In June France called oil exporters to ramp up production. At the same time the EU was asked to carry on negotiations over restoring supplies from Iran and Venezuela into the European market. The main goals of these measures were to ease the economic hardship caused by the energy crisis, diversify suppliers and stock up for the upcoming winter season.
France is especially open to multilateral international cooperation which enables it to dissect political, military, social as well as energy-related issues from one another.
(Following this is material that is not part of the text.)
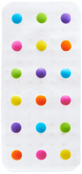 csúszásgátló fürdőalátét A Munchkin Dots csúszásgátló fürdőalátét számára a biztonság az első. A vidám színes dizájn texturált felülettel rendelkezik, amely megakadályozza, hogy a kicsik elcsússzanak vagy megcsússzanak fürdés közben, miközben az erőteljes tapadókorongok biztonságosan a helyén tartják a szőnyeget. Felhelyezés: Alaposan tisztítsd meg a fürdő

Paris sees a potential rapprochement between Iran and the United States as a chance for a breakthrough which could render Iranian oil viable and politically attainable for European countries. Furthermore they stress the reintroduction of Venezuelan exports as crucial for the stability of the global oil market.
Iran
Iran, which has suffered under sanctions imposed on the basis of its unabating nuclear program, has been forced to seek ways to limit the effects of the embargo on its oil exports. The key buyers of its crude primarily consist Chinese refineries and to a lesser degree Syria and UAE. After new sanctions on Russia were introduced, their market position had weakened due to additional supply of cheap Russian oil heading to its traditional export destinations. As a result, China has quickly emerged as a main importer of Russian oil. This new market reality creates a conflict of interests between two major oil-producers increasingly. Given this new competition Tehran sees a void created by Russian withdrawal from European markets as a great opportunity. Thus, the desire for renewed cooperation with the Western world reached new heights. Only in 2019 when the White House partially suspended Iranian embargo, allowing it to ship its oil to India, Japan, South Korea, Taiwan, Turkey, France, Italy and Greece. Furthermore, in the beginning of 2017 Europe was still receiving about 40% of its oil from Iran.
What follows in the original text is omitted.